Only one stretch of the data should be retyped: the lines from the line containing "Fun on the rock pile!" through the line containing "Pushpagiri Eye Hospital, Vizianagaram". Keep pictures out of it.

> _Excerpted records_
►
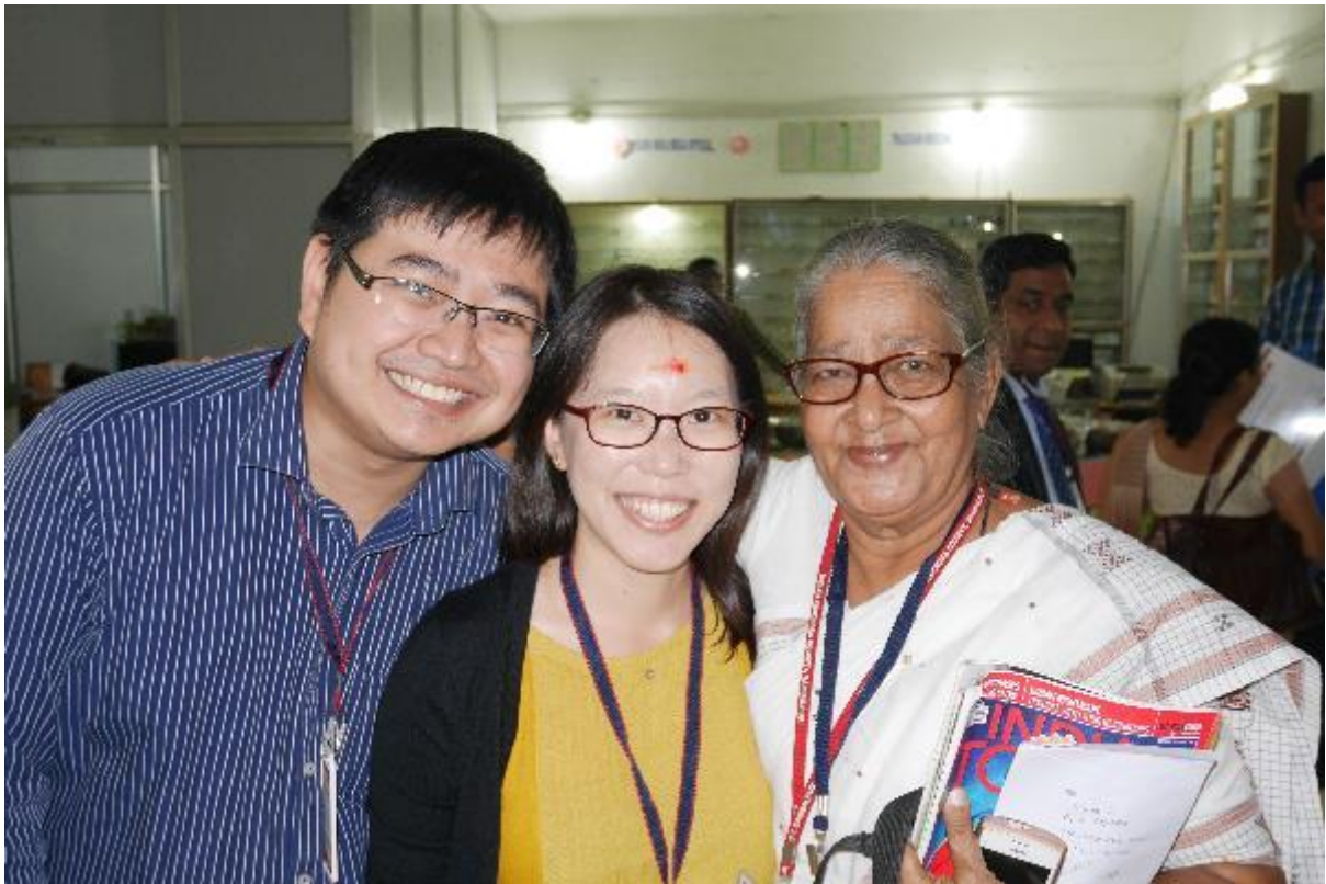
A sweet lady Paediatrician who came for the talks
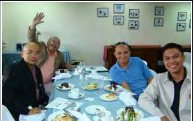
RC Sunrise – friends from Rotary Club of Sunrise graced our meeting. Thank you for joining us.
◄
►
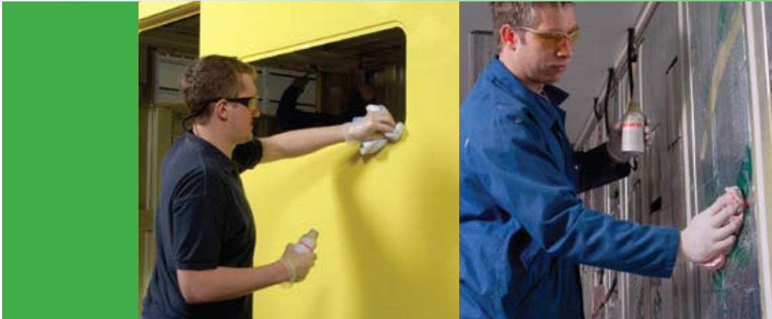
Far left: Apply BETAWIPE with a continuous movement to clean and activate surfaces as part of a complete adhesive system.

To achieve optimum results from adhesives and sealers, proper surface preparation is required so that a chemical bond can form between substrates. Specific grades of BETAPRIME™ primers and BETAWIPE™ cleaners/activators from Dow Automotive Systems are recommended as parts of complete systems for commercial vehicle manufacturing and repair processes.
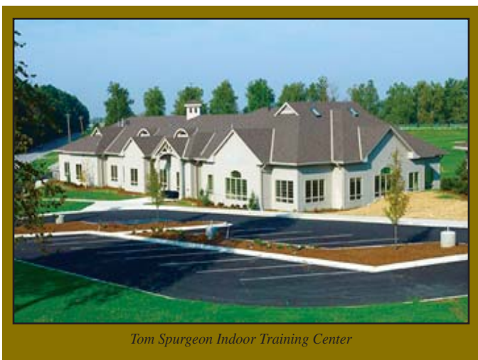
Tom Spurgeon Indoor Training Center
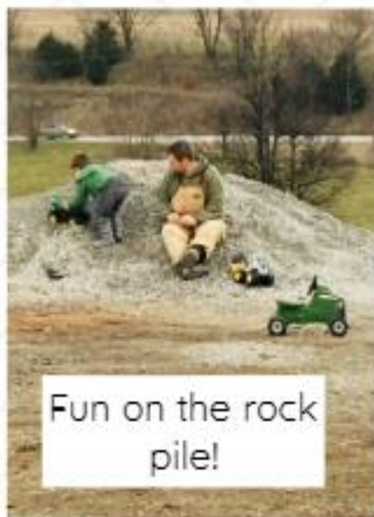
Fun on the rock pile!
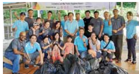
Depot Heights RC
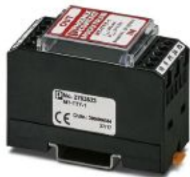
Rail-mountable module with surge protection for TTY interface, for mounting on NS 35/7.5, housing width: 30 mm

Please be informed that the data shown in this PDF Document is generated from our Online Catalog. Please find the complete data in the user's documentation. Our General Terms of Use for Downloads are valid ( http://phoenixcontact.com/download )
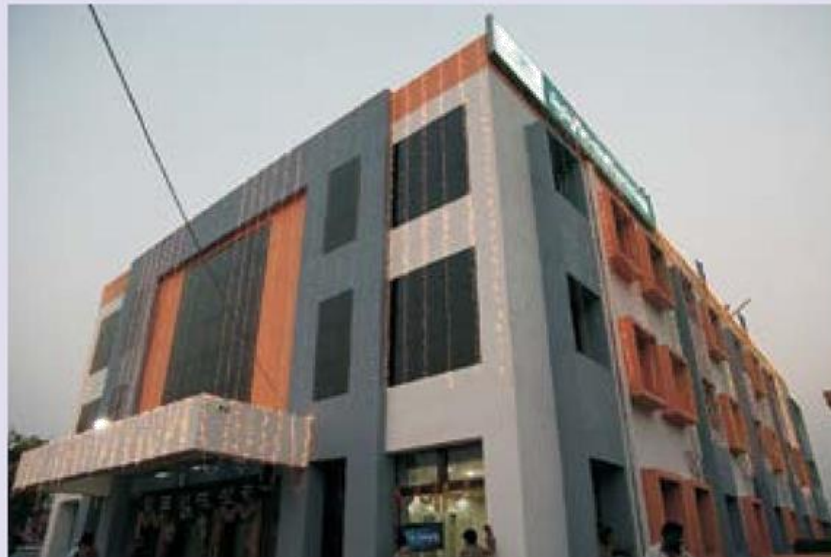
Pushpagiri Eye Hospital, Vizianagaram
◄
> _Reply_
Fun on the rock pile!
Depot Heights RC
Rail-mountable module with surge protection for TTY interface, for mounting on NS 35/7.5, housing width: 30 mm

Please be informed that the data shown in this PDF Document is generated from our Online Catalog. Please find the complete data in the user's documentation. Our General Terms of Use for Downloads are valid ( http://phoenixcontact.com/download )
Pushpagiri Eye Hospital, Vizianagaram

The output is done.